Multi-Backend Video Generator

A Python application that converts images to videos using multiple AI providers: OpenAI's Sora-2, Azure AI Foundry Sora, Google's Veo-3, and RunwayML's Gen-4 models.

Features

🎨 Multiple AI Backends - Choose between OpenAI Sora-2, Azure Sora, Google Veo-3, or RunwayML
🖼️ Flexible Image Input - Single files, multiple images, wildcard patterns, or text-only
🔗 Seamless Stitching - Multi-clip video generation with automatic frame transitions (Veo 3.1, RunwayML Veo)
🔄 Automatic Retries - Exponential backoff when APIs are at capacity
📝 Comprehensive Logging - DEBUG-level logging to logs/video_gen.log
🏗️ Modular Architecture - Clean, maintainable, and extensible codebase

Quick Start

# Install dependencies
pip install -r requirements.txt

# Set your API key
export OPENAI_API_KEY="your-key"      # For OpenAI Sora
export RUNWAY_API_KEY="your-key"      # For RunwayML
# For Google Veo - see authentication guide

# Generate a video
./image2video.py "A peaceful sunset over mountains"

# With images
./image2video.py -i "photo.jpg" "Animate this scene"

# Choose a provider
./image2video.py --provider runway "Your prompt"

Documentation

📚 Complete Documentation - Full documentation index

Quick Links

Quick Start Guide - Get started in 5 minutes
User Guide - Complete usage documentation
Installation - Detailed setup instructions

Provider Guides

OpenAI Sora - OpenAI Sora-2 setup
Azure Sora - Azure AI Foundry setup
Google Veo - Google Veo-3 with OAuth
RunwayML - RunwayML Gen-4 & Veo

Advanced Topics

Stitching Guide - Multi-clip video generation
Image Grouping - Control which images are used per clip
Prompt Engineering - Writing effective prompts
Troubleshooting - Common issues

Supported Backends

Backend	Models	Pricing	Multi-Image	Stitching
OpenAI Sora	sora-2, sora-2-pro	Variable	✅	❌
Azure Sora	sora-2, sora-2-pro	$0.10/sec	✅	❌
Google Veo	veo-3.0, veo-3.1	$0.15-0.40	✅	✅
RunwayML	gen4, gen4_turbo, google.x	Variable	Single only	✅ (Veo)

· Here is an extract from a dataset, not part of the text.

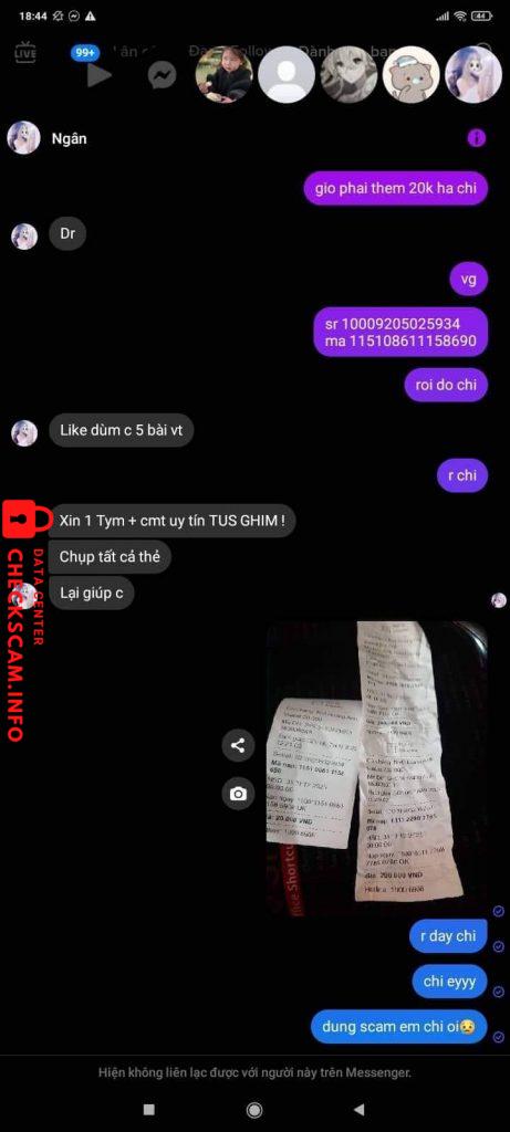 诈骗者警报: Nguyễn Thị Kim Ngân 已报告: November 16, 2024 诈骗者信息 全名: Nguyễn Thị Kim Ngân 电话号码: 0926586284 支付网关: 0926586284 支付账户: 0926586284 类别: 市场诈骗 来源: Checkscam 证据文件 报告描述 Scam 400 评论 您的评论 添加评论 暂无评论。成为第一个分享您与此诈骗者经历的人。

See Provider Comparison for detailed feature matrix.

Usage Examples

Basic Text-to-Video

./image2video.py "A serene lake at dawn with mist rising"

Image-to-Video

./image2video.py -i "landscape.jpg" "Time-lapse of this scene at sunset"

Multiple Images

./image2video.py -i "img1.jpg,img2.jpg,img3.jpg" "Tour of these locations"

Wildcard Patterns

./image2video.py -i "photos/*.jpg" "Create a walkthrough video"

Provider Selection

# Use Google Veo
./image2video.py --provider google --model veo-3.1-fast-generate-preview "Your prompt"

# Use RunwayML
./image2video.py --provider runway --model gen4 "Your prompt"

# Use Azure Sora
./image2video.py --provider azure "Your prompt"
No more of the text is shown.